=== Data shown ===

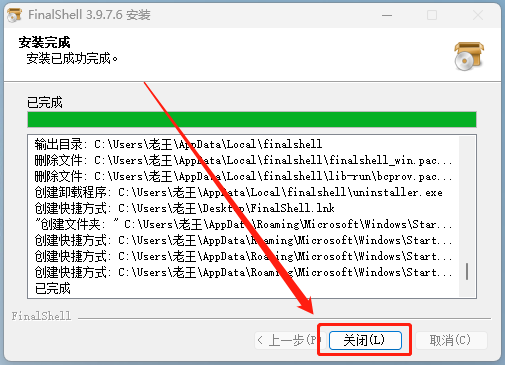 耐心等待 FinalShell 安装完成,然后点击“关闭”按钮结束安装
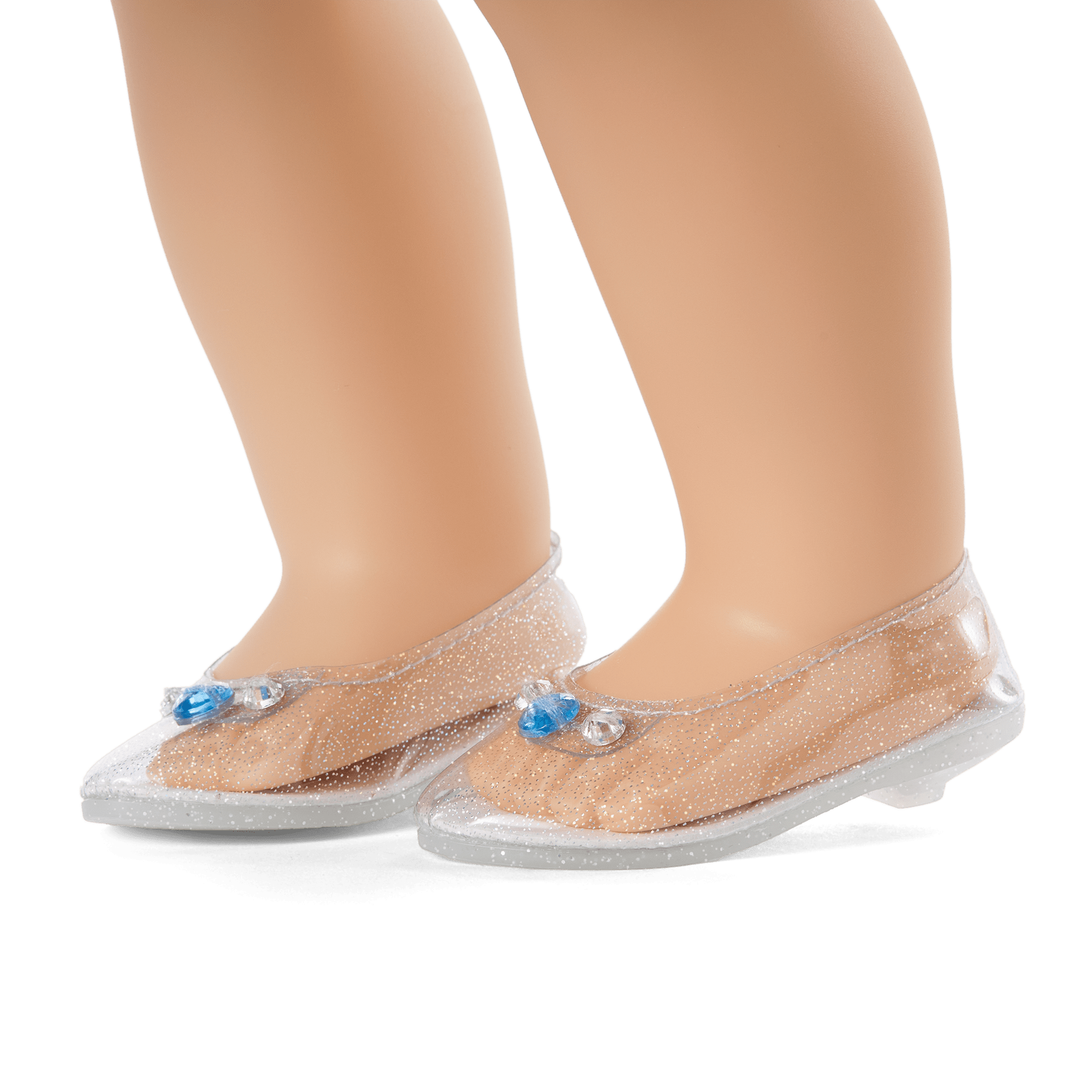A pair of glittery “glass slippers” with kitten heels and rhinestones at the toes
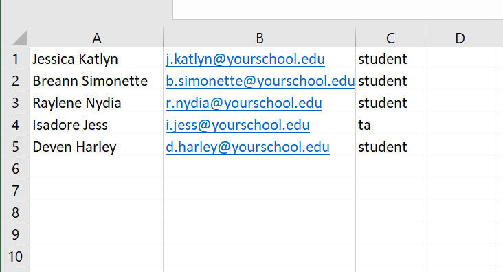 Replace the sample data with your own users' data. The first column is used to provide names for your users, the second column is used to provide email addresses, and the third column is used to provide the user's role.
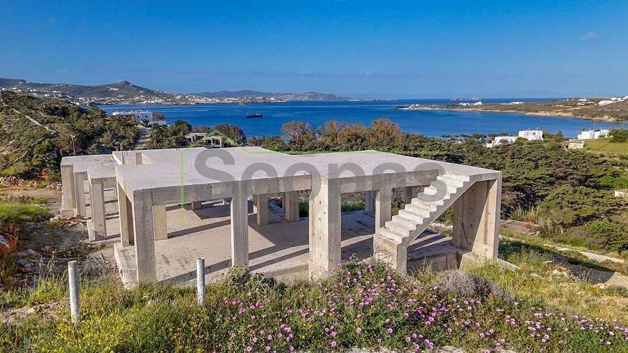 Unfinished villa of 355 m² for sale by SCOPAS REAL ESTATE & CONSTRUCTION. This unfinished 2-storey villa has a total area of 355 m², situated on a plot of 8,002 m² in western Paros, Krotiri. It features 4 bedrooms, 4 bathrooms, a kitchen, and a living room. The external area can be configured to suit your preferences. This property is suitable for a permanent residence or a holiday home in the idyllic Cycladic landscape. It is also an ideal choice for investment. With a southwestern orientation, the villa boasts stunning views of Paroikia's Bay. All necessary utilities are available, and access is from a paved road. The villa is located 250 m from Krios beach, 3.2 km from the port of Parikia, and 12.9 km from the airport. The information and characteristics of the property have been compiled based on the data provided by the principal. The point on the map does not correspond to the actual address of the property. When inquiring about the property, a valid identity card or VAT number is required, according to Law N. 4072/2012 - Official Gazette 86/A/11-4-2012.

===

• Required action: Omitting all pictures, set the listing down exactly.

• Exercise solution:
 耐心等待 FinalShell 安装完成,然后点击“关闭”按钮结束安装
A pair of glittery “glass slippers” with kitten heels and rhinestones at the toes
 Replace the sample data with your own users' data. The first column is used to provide names for your users, the second column is used to provide email addresses, and the third column is used to provide the user's role.
 Unfinished villa of 355 m² for sale by SCOPAS REAL ESTATE & CONSTRUCTION. This unfinished 2-storey villa has a total area of 355 m², situated on a plot of 8,002 m² in western Paros, Krotiri. It features 4 bedrooms, 4 bathrooms, a kitchen, and a living room. The external area can be configured to suit your preferences. This property is suitable for a permanent residence or a holiday home in the idyllic Cycladic landscape. It is also an ideal choice for investment. With a southwestern orientation, the villa boasts stunning views of Paroikia's Bay. All necessary utilities are available, and access is from a paved road. The villa is located 250 m from Krios beach, 3.2 km from the port of Parikia, and 12.9 km from the airport. The information and characteristics of the property have been compiled based on the data provided by the principal. The point on the map does not correspond to the actual address of the property. When inquiring about the property, a valid identity card or VAT number is required, according to Law N. 4072/2012 - Official Gazette 86/A/11-4-2012.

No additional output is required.